Sunday, December 14, 2008

Gas Prices

Well, the high Bush-induced gasoline prices that we've all enjoyed over the past few years are plummeting in recent months. My local Arco clocks in at $1.61/gal. I filled up the other day (not at Arco, I'm boycotting them for personal reasons) and got change back from a twenty. Most Southern Californians are jumping for joy, but I'm not quite as excited.

According to the RTA, ridership has been experiencing record growth never before seen by the agency, in the 30 years that it's been running. You can blame most of that on the $4/gallon gas prices that had people fleeing from their Suburban Assault Vehicles in droves. Similar reasoning explains the growth in efficient cars (and the imminent failure of the Big Three), growth in carpooling, the approval of Proposition 1A (WOO!), and other developments that this author has been very, very happy about. Forcing Americans to actually start reckoning the cost that their transportation choices takes out on them is a Good Thing, and while most of that going into oil company profit isn't exactly a great outcome, at least it was a start. It got people thinking about alternative transportation. It got people TAKING alternative transportation. It got people off the damned freeways.
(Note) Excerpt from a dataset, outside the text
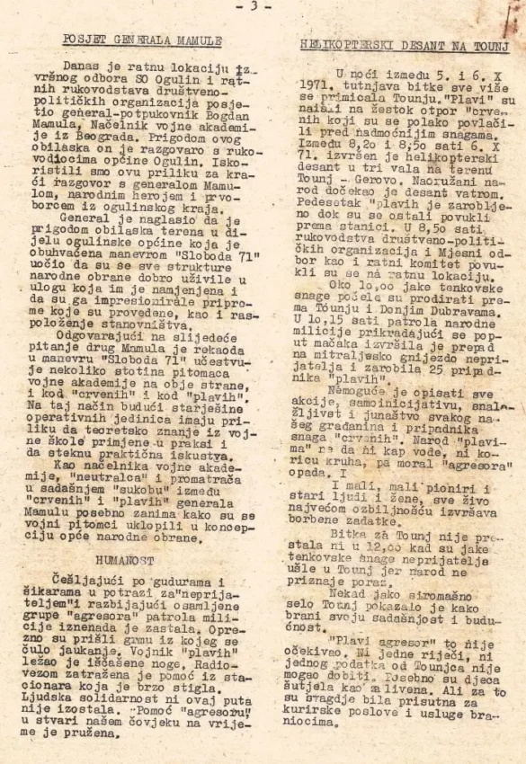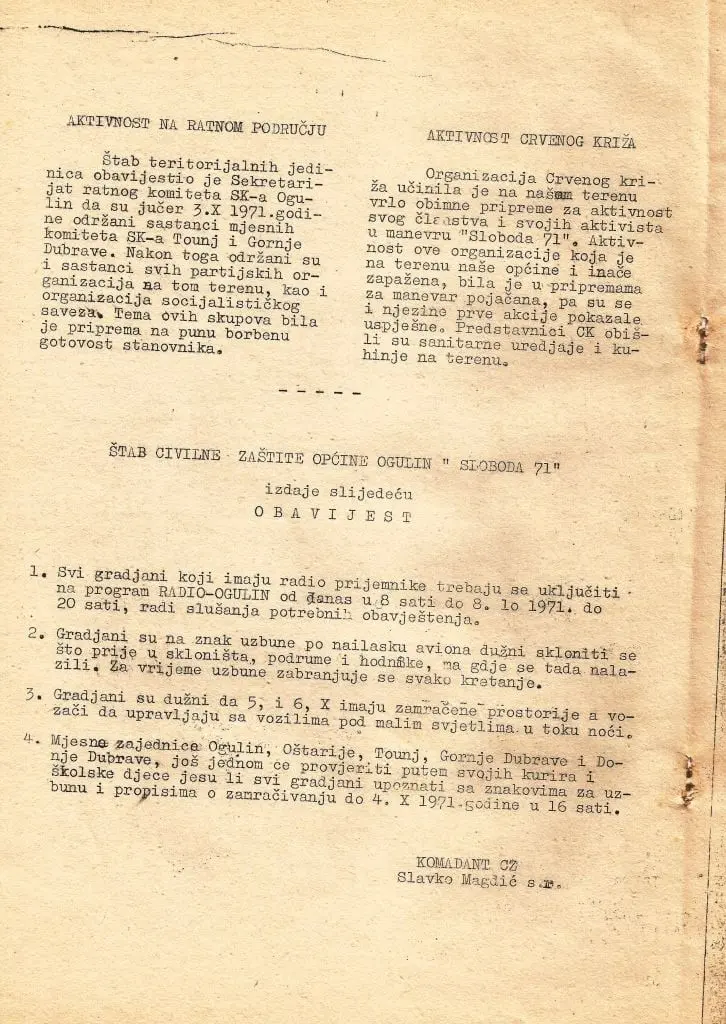 U takvom političkom okruženju na prostoru tri jugoslavenske republike Slovenije, Hrvatske i Bosne i Hercegovine održana je od 2. do 9. listopada 1971. godine vojna vježba pod nazivom „Sloboda 71“. Vježba je, pored provjere spremnosti vojnih snaga, trebala poslužiti za plašenje onih koji su tražili reforme u bivšoj Jugoslaviji, ponajprije hrvatskih proljećara. Jedna od vježbi održana je na prostoru mjesnih zajednica Ponikve, Trošmarija, Tržić, Tounj te Gornje i Donje Dubrave, koje su bile dio nekadašnje općine Ogulin.

And now the gas prices are going down. Guess what else is going to go down? That's right, ridership. And with the State contemplating cutting ALL transit funding, and sales tax revenue in the proverbial crapper, this leaves local transit agencies stuck with huge cost burdens. RTD in Sacramento was apparently considering cutting ALL weekend service. RTA has already slashed weekend service in Moreno Valley and other outlying areas (due to go in effect in January). If the new, cheap gas puts people back in their car, this will only further hurt transit agencies around the state, and only hurt our cause. People are always surprised at me, but I honestly wish the gas prices went back up to $3 or $4 a gallon. It's the only thing that'll get us out of our cars.

In fact, were I king for a day, the first policy I'd institute would be a tax on gasoline, of at least $1/gallon. It wouldn't apply to diesel fuel or commercial vehicles, so it would only affect personal transportation choices. Every dime of that tax would then become a dedicated funding source for public transit.
I would then be promptly lynched by a mob of angry Americans.